#### SOURCE DATA
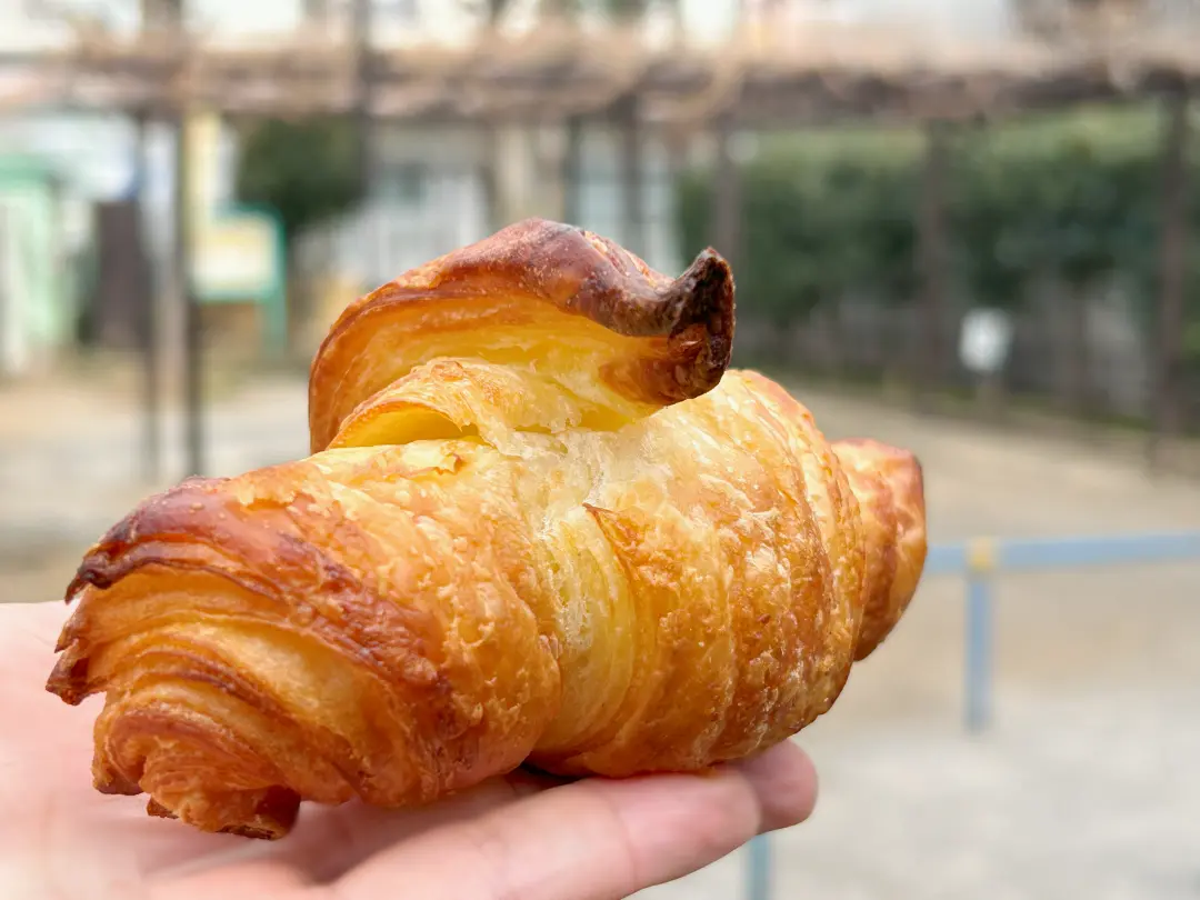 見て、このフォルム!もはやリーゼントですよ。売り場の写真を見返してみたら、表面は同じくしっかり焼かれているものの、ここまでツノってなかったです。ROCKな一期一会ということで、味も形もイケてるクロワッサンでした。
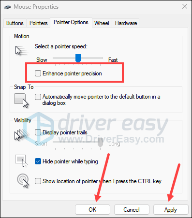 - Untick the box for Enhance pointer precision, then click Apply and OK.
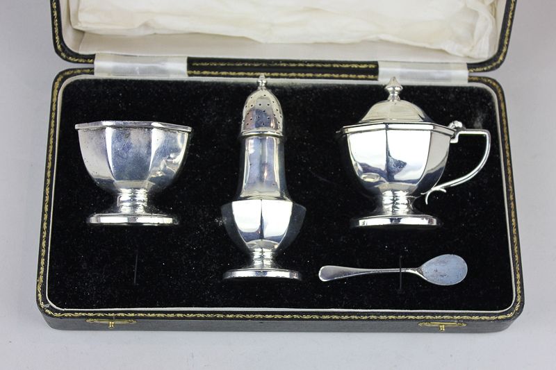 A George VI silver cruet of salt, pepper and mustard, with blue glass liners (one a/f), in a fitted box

* * *

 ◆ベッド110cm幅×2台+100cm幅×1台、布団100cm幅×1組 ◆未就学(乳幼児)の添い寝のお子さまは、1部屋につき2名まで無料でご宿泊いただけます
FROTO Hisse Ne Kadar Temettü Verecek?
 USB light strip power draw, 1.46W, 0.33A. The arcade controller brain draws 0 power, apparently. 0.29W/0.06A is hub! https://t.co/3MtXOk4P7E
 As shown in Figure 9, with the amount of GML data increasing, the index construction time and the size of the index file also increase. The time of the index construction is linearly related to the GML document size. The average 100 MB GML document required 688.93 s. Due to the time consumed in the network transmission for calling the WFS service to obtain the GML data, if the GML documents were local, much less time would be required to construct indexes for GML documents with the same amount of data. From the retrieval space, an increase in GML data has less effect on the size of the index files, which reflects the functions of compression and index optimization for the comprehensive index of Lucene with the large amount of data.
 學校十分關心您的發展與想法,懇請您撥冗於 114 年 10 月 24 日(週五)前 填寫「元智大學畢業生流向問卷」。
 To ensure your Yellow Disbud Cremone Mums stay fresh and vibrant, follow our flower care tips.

--

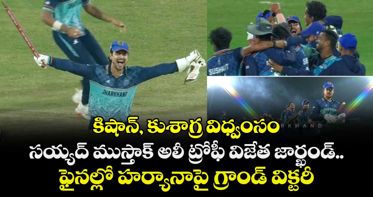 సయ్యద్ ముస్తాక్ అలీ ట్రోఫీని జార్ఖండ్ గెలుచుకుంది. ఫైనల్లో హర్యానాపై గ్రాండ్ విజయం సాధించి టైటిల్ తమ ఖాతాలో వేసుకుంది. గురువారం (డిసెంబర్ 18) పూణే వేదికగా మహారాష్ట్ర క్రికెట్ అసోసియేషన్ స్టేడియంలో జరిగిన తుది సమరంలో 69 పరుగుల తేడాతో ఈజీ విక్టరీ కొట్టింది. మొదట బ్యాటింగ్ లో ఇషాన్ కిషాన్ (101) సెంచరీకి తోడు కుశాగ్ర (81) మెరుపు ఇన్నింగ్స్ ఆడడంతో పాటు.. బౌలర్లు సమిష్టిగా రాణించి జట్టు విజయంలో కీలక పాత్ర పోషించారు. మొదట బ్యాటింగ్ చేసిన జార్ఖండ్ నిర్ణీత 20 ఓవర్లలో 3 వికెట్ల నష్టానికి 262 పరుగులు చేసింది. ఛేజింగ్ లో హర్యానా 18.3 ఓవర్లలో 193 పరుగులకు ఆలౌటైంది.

#### WHAT YOU NEED TO DO
Nothing except the lines from the one containing "見て、このフォルム!もはやリ" through the one containing "A George VI" should appear in the answer, exactly as above and without pictures.

#### TASK SOLUTION
 見て、このフォルム!もはやリーゼントですよ。売り場の写真を見返してみたら、表面は同じくしっかり焼かれているものの、ここまでツノってなかったです。ROCKな一期一会ということで、味も形もイケてるクロワッサンでした。
 - Untick the box for Enhance pointer precision, then click Apply and OK.
 A George VI silver cruet of salt, pepper and mustard, with blue glass liners (one a/f), in a fitted box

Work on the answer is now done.